Die Bundesregierung hat die Reform des Nationalen Wasserstoffrats abgeschlossen und die neuen Mitglieder berufen. Grundlage ist ein Kabinettsbeschluss vom 10. Juni 2026 auf Vorlage von Bundeswirtschaftsministerin Katherina Reiche. Die neue Satzung ist seit dem 1. Juli 2026 in Kraft, die bisherigen Mitgliedschaften endeten zum 30. Juni 2026.
Dem Gremium gehören künftig 17 Mitglieder an. Vorschlagsberechtigt sind das Bundesministerium für Wirtschaft und Energie, das Bundesministerium für Forschung, Technologie und Raumfahrt, das Bundesministerium für Verkehr, das Bundesministerium für Umwelt, Klimaschutz, Naturschutz und nukleare Sicherheit sowie das Bundesministerium für wirtschaftliche Zusammenarbeit und Entwicklung. Zehn Mitglieder wurden erstmals berufen, sieben gehörten dem Rat bereits zuvor an. Nach Angaben der Bundesregierung soll die Reform die Gremienstruktur „verschlanken“ und die „wirtschaftliche Expertise“ stärken. Wissenschaft und Zivilgesellschaft bleiben vertreten.
Stefan Dohler übernimmt Vorsitz, Felix Matthes wird Stellvertreter
Den Vorsitz übernimmt Stefan Dohler, Vorstandsvorsitzender der EWE AG und seit Juni 2024 Präsident des Bundesverbands der Energie- und Wasserwirtschaft (BDEW). Stellvertretender Vorsitzender wird Felix Matthes, Forschungskoordinator für Energie- und Klimapolitik am Öko-Institut. Matthes war bereits im bisherigen NWR stellvertretender Vorsitzender und zeitweise Interimsvorsitzender.
Die BDEW-Hauptgeschäftsführerin Kirsten Westphal bedankte sich „für das erneute Vertrauen der Bundesregierung“ und freue sich, „auch weiterhin im Rahmen des Nationalen Wasserstoffrates an der Ausgestaltung des Wasserstoffhochlaufs mitwirken zu dürfen.“ Der Markthochlauf gelinge nur, wenn Produktion, Infrastruktur, Nachfrage und Finanzierung zusammen gedacht würden. „Der BDEW hat sich deshalb schon früh für eine europäische Wasserstoffallianz und ein konzertiertes Vorgehen eingesetzt, wie es auch im Koalitionsvertrag vereinbart wurde.“
Zu den neu berufenen Mitgliedern gehört Werner Ponikwar, Vorstandsvorsitzender von Thyssenkrupp Nucera. „Es ist mir eine große Ehre, Teil des Nationalen Wasserstoffrats zu sein. Die Berufung ist ein starkes Signal für unsere Branche und für uns als thyssenkrupp nucera“, sagt Ponikwar. Er wolle einen aktiven Beitrag dazu leisten, „die richtigen Rahmenbedingungen für den Hochlauf der Wasserstoffwirtschaft in Deutschland zu setzen“.

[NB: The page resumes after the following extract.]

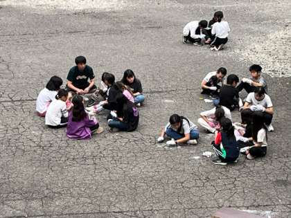 さて、学校を出て、上新庄駅に向かう途中で、さっそく5年生の親子に出会いました。
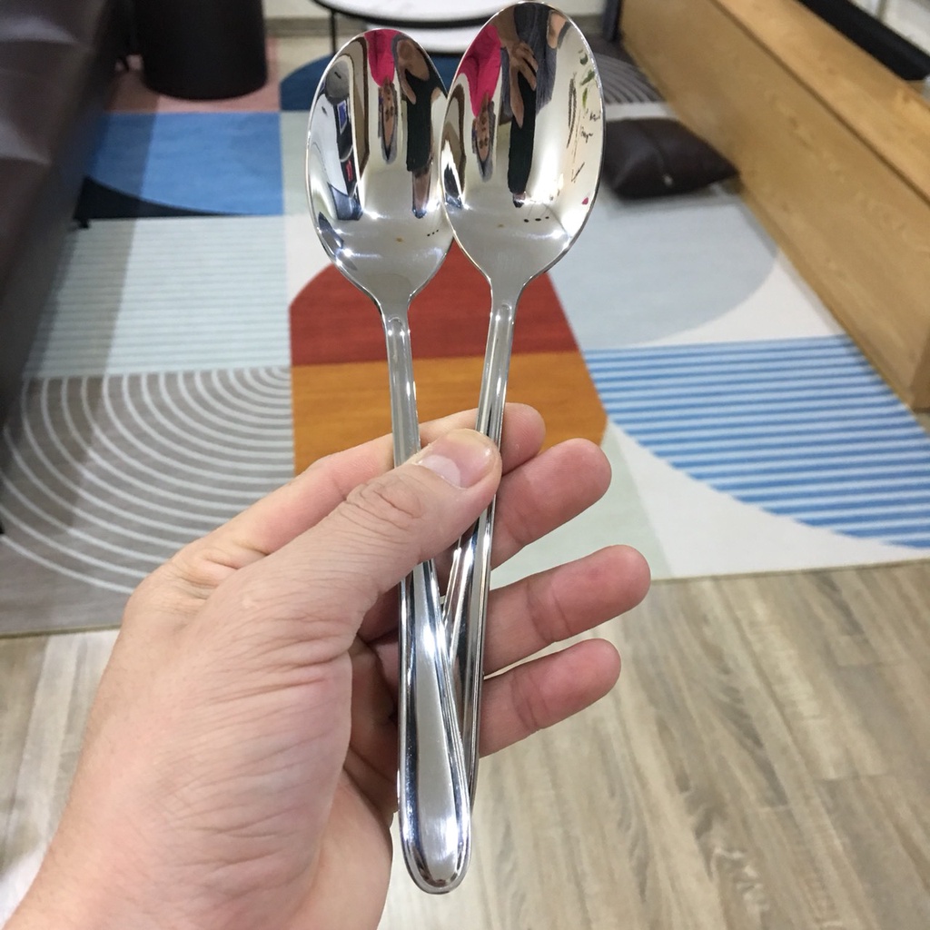 - Chất liệu bền, an toàn: Bộ 2 muỗng làm từ inox cao cấp có độ sáng bóng cao, không bị phai màu, ít trầy xước và đặc biệt khi dùng với thức ăn nóng bạn sẽ không có cảm giác nóng tay cầm.

Weitere berufene Mitglieder sind Tilman Altenburg, Thomas Behrends, Alexander Bercht, Andreas Gorbach, Gunnar Groebler, Thomas Hüwener, Karsten Lemmer, Velibor Marjanovic, Julia Metz, Andreas Mündel, Karsten Pinkwart, Viviane Raddatz und Nicole Schödel.
DWV begrüßt Neuaufstellung
Der Deutsche Wasserstoff-Verband (DWV) begrüßt die Neuaufstellung. „Der Wasserstoffhochlauf in Deutschland befindet sich in einer spannenden und auch sensiblen Phase. Es gilt nun den Perspektivwechsel von allgemeinen Strategien hin zur konkreten Marktentwicklung zu gestalten“, erklärt Andreas Kuhlmann, Vorstandsvorsitzender des DWV. Als zentrale Themen für den Aufbau tragfähiger Wasserstoffmärkte nennt der Verband Investitionssicherheit, Infrastrukturentwicklung, Nachfrageimpulse und die Einbindung von Wasserstoffderivaten.
Der Nationale Wasserstoffrat berät die Bundesregierung seit 2020 zur Umsetzung und Weiterentwicklung der Nationalen Wasserstoffstrategie.